* ABOUT THIS TASK:
Exactly the lines from the first line of the records to the line holding "1. 我猜:A盒里一定能摸出" should be duplicated, and nothing more; pictures stay out.

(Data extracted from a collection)
%%

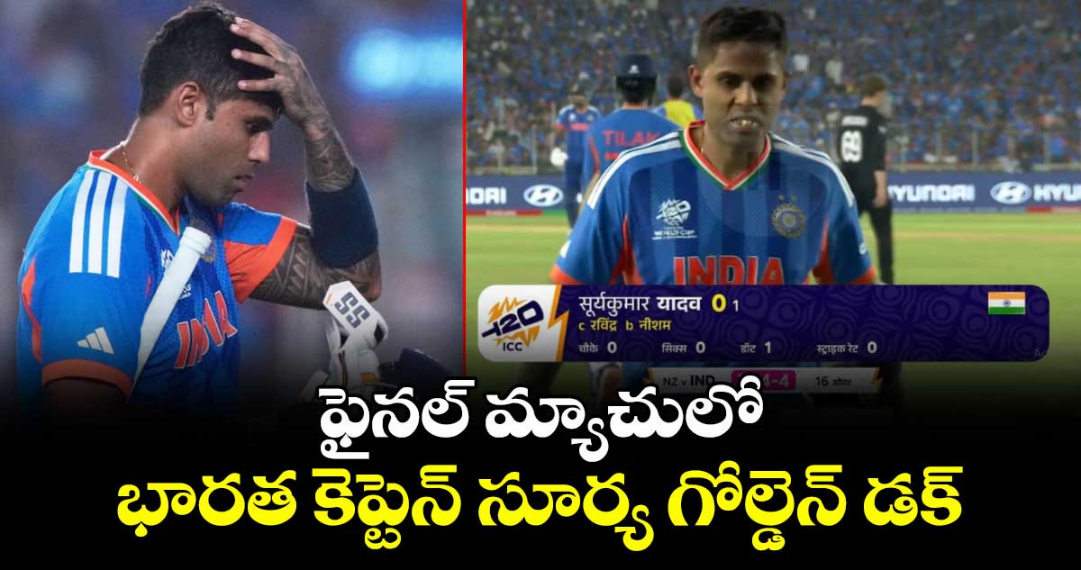 గాంధీ నగర్: టీ20 వరల్డ్ కప్ ఫైనల్ మ్యాచులో టీమిండియా కెప్టెన్ సూర్య కుమార్ యాదవ్ తీవ్రంగా నిరాశపర్చాడు. పరుగుల ఖాతా తెరవకుండానే గోల్డెన్ డకౌట్ అయ్యాడు. 16 ఓవర్లో ఇషాన్ కిషన్ ఔటైన తర్వాత క్రీజులోకి వచ్చిన స్కై.. నీషమ్ బౌలింగ్లో షాట్ ఆడిబోయి క్యాచ్ ఔట్ అయ్యాడు.
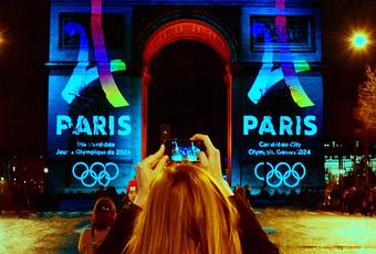 Le logo de la ville de Paris pour la candidature des Jeux Olympiques d’été de 2024 a été dévoilé mardi soir symboliquement à 20h24 sur la façade de l’Arc de Triomphe.
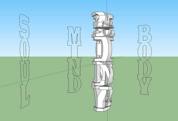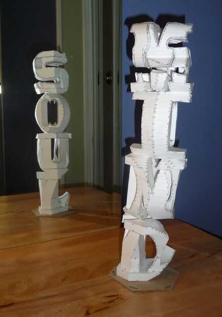 Una vez que tienes cada contorno claramente visible desde la parte delantera y trasera, listo! Desde aquí puede exportar o convertir el archivo en lo que necesites para poder convertirlo en una realidad física. Si no tienes una impresora 3d o molino del cnc, puede utilizar un programa como pepakura designer para convertirlo en un modelo de cartulina para imprimir, como lo hice para mi prototipo físico. Cada conjunto de palabras puede ir juntos diferentes maneras; puede que necesite intercambiar caras para mantener el apoyo. Por ejemplo, si usted tiene una "C" y y "L" compartiendo la misma parte de la escultura, ambos dejan mucho espacio negativo del lado derecho que no puede mostrar el detalle de cualquier carta 3 usted tiene allí. (para mi modelo, tuvo una pareja trata de hacer la parte vertical de la "L" más amplia antes de mostrar el arco completo de la "D") Algunas de las aplicaciones que he pensado de esto fueron los padres con un niño nuevo, o como un regalo de boda, recibiendo el nombre de la novia y el novio con la fecha de la boda en el centro. O usted podría ir más genérico, hacer una torre de "[NULL] energía/sabiduría/valor del Si eres un fan de la serie de videojuegos The Legend of Zelda! Las posibilidades son amplias.
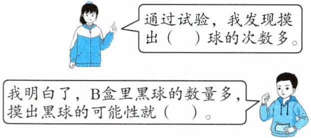 1. 我猜:A盒里一定能摸出黑球,不可能摸出白球;B盒里可能摸出白球,也可能摸出黑球。
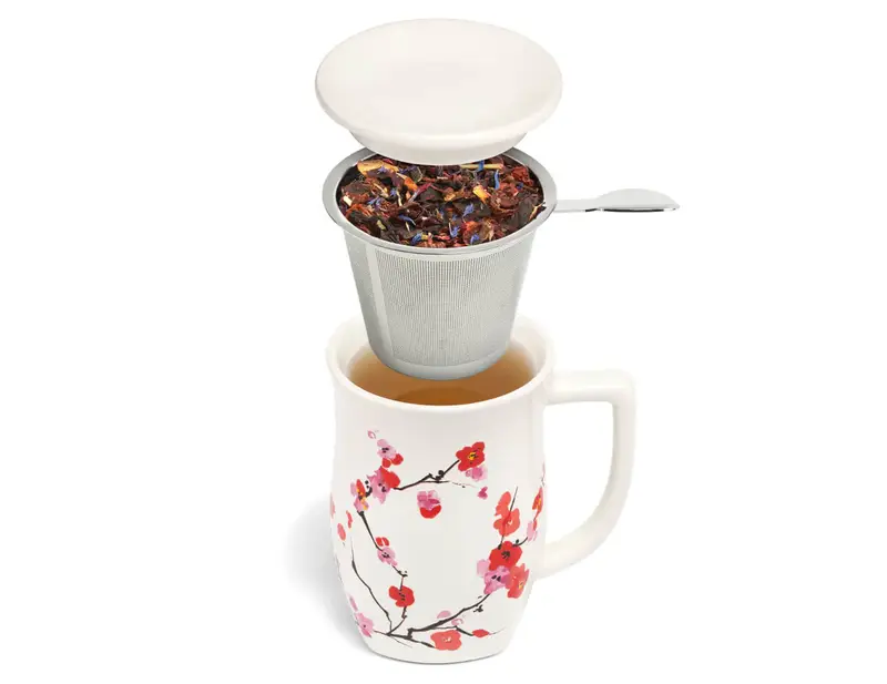 Infusez de votre thé en vrac préféré dans cette tasse d'infusion à usage unique, dotée d'une poignée et d'un infuseur de thé en vrac en acier inoxydable. Le couvercle garde votre thé au chaud pendant l'infusion et sert de sous-verre pour le panier de l'infuseur une fois l'infusion terminée. Prenez le temps de réfléchir à la beauté de la nature et savourez un thé parfait avec Fiore Sakura.

%%

* EXERCISE SOLUTION:
 గాంధీ నగర్: టీ20 వరల్డ్ కప్ ఫైనల్ మ్యాచులో టీమిండియా కెప్టెన్ సూర్య కుమార్ యాదవ్ తీవ్రంగా నిరాశపర్చాడు. పరుగుల ఖాతా తెరవకుండానే గోల్డెన్ డకౌట్ అయ్యాడు. 16 ఓవర్లో ఇషాన్ కిషన్ ఔటైన తర్వాత క్రీజులోకి వచ్చిన స్కై.. నీషమ్ బౌలింగ్లో షాట్ ఆడిబోయి క్యాచ్ ఔట్ అయ్యాడు.
 Le logo de la ville de Paris pour la candidature des Jeux Olympiques d’été de 2024 a été dévoilé mardi soir symboliquement à 20h24 sur la façade de l’Arc de Triomphe.
 Una vez que tienes cada contorno claramente visible desde la parte delantera y trasera, listo! Desde aquí puede exportar o convertir el archivo en lo que necesites para poder convertirlo en una realidad física. Si no tienes una impresora 3d o molino del cnc, puede utilizar un programa como pepakura designer para convertirlo en un modelo de cartulina para imprimir, como lo hice para mi prototipo físico. Cada conjunto de palabras puede ir juntos diferentes maneras; puede que necesite intercambiar caras para mantener el apoyo. Por ejemplo, si usted tiene una "C" y y "L" compartiendo la misma parte de la escultura, ambos dejan mucho espacio negativo del lado derecho que no puede mostrar el detalle de cualquier carta 3 usted tiene allí. (para mi modelo, tuvo una pareja trata de hacer la parte vertical de la "L" más amplia antes de mostrar el arco completo de la "D") Algunas de las aplicaciones que he pensado de esto fueron los padres con un niño nuevo, o como un regalo de boda, recibiendo el nombre de la novia y el novio con la fecha de la boda en el centro. O usted podría ir más genérico, hacer una torre de "[NULL] energía/sabiduría/valor del Si eres un fan de la serie de videojuegos The Legend of Zelda! Las posibilidades son amplias.
 1. 我猜:A盒里一定能摸出黑球,不可能摸出白球;B盒里可能摸出白球,也可能摸出黑球。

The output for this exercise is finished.